Financial Regulation Updates – January 2025

Financial Regulation Updates – January 2025

FCA and PSR set out next steps for open banking

On January 23rd, 2025, The Financial Conduct Authority (FCA), and The Payment Systems Regulator (PSR), published the next steps for open banking. Those will include a new independent company to drive forward variable recurring payments.

Open banking is a UK success story with over 11.7 million active users and over 22.1 million open banking payments made monthly.

There was significant progress in developing open banking in 2024, thanks to voluntary funding from 20 leading firms. This included:

  • fraud analysis capabilities
  • consumer protections
  • new open banking services such as variable recurring payments (which will give consumers greater sight and control over their regular payments)

It is clear from the National Payments Vision, and the government’s growth agenda, that continued success in this area is critical for the UK. The FCA and the PSR are fully supportive and are ready to meet this challenge – as set out in Nikhil Rathi’s letter to the Prime Minister and the PSR’s recent strategy update.

For more Information click here.

FSB Work Programme for 2025

On January 23rd, 2025, The Financial Stability Board (FSB), published it’s work programme for 2025, addressing challenges including digitalisation, climate change, and the consequences of shifts in the macroeconomic and interest rate environment.

In line with the FSB’s mission to promote international financial stability, our priorities for 2025 reflect challenges that are global in nature and affect the financial system as a whole, such as digitalisation and climate change. Work will continue in key areas such as non-bank financial intermediation and cross-border payments. The FSB will keep monitoring emerging financial vulnerabilities and continue its work to implement agreed reforms and evaluate their effects with a view to maintain the resilience of the global financial system.

Priority areas of work for 2025 include:

  • Supporting global cooperation on financial stability;
  • Enhancing the resilience of non-bank financial intermediation (NBFI), while preserving its benefits;
  • Harnessing the benefits of digital innovation while containing its risks;
  • Implementing the systemically important financial institution (SIFI) framework;
  • Addressing financial risks from climate change;
  • Enhancing cross-border payments;
  • Completing resolution reforms;
  • Monitoring and evaluating implementation of agreed reforms.

For more Information click here.

CFPB Orders Operator of Cash App to Pay $175 Million and Fix Its Failures on Fraud

On January 16th, 2025, the Customer Financial Protection Bureau (CFPB), ordered Block, the operator of the peer-to-peer payments app Cash App, to refund and pay other redress to consumers up to $120 million and pay a penalty of $55 million into the CFPB’s victims relief fund. Block employed weak security protocols for Cash App and put its users at risk.

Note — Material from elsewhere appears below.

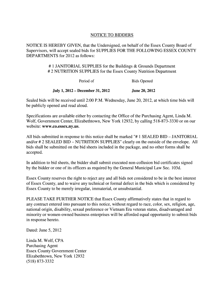 Get the free NOTICE TO BIDDERS - Essex County, New York

While Block is required by law to investigate and resolve disputes about unauthorized transactions, the company’s investigations were woefully incomplete. Block directed users — who had suffered financial losses as a result of fraud — to ask their bank to attempt to reverse transactions, which Block would subsequently deny. Block also deployed a range of tactics to suppress Cash App users from seeking help, reducing its own costs.

Cash App attempted to avoid many of its investigative obligations through tricking consumers with its Terms of Service. For example, many Cash App users link their bank account to the app. When a transaction occurs, the money is pulled from the user’s bank account and sent to the transaction recipient. In Cash App’s Terms of Service, consumers are led to believe that disputes are the responsibility of their linked bank. The Electronic Fund Transfer Act generally requires that peer-to-peer platforms, including Cash App, investigate disputes of unauthorized transactions, and a company cannot simply use fine print to escape these legal requirements. When it did conduct investigations, Block used intentionally shoddy investigation practices to close reports of unauthorized transactions in the company’s favor.

For more Information click here.

CFPB Research Reveals Heavy Buy Now, Pay Later Use Among Borrowers with High Credit Balances and Multiple Pay-in-Four Loans

On January 13th, 2025, the CFPB Released a study of “Buy Now, Pay Later” use among borrowers with high credit balances and multiple pay-in-four loans. More than 60 percent of users had simultaneous loans, borrowers held higher balances on other credit lines, and most loans went to consumers with subprime or lower credit scores.

The CFPB research also revealed that more than three-fifths of BNPL borrowers held multiple simultaneous BNPL loans at some point during the year, and one-third had loans from multiple providers. BNPL borrowers were also more likely than other consumers to have higher balances on other unsecured credit lines such as credit cards. Because lenders do not typically report BNPL loans to nationwide consumer reporting companies, data about BNPL use—especially about borrowers with multiple loans and on total consumer debt balances—is limited. Today’s study helps fill the data gap by pairing a matched sample of BNPL applications from six large firms with deidentified credit records.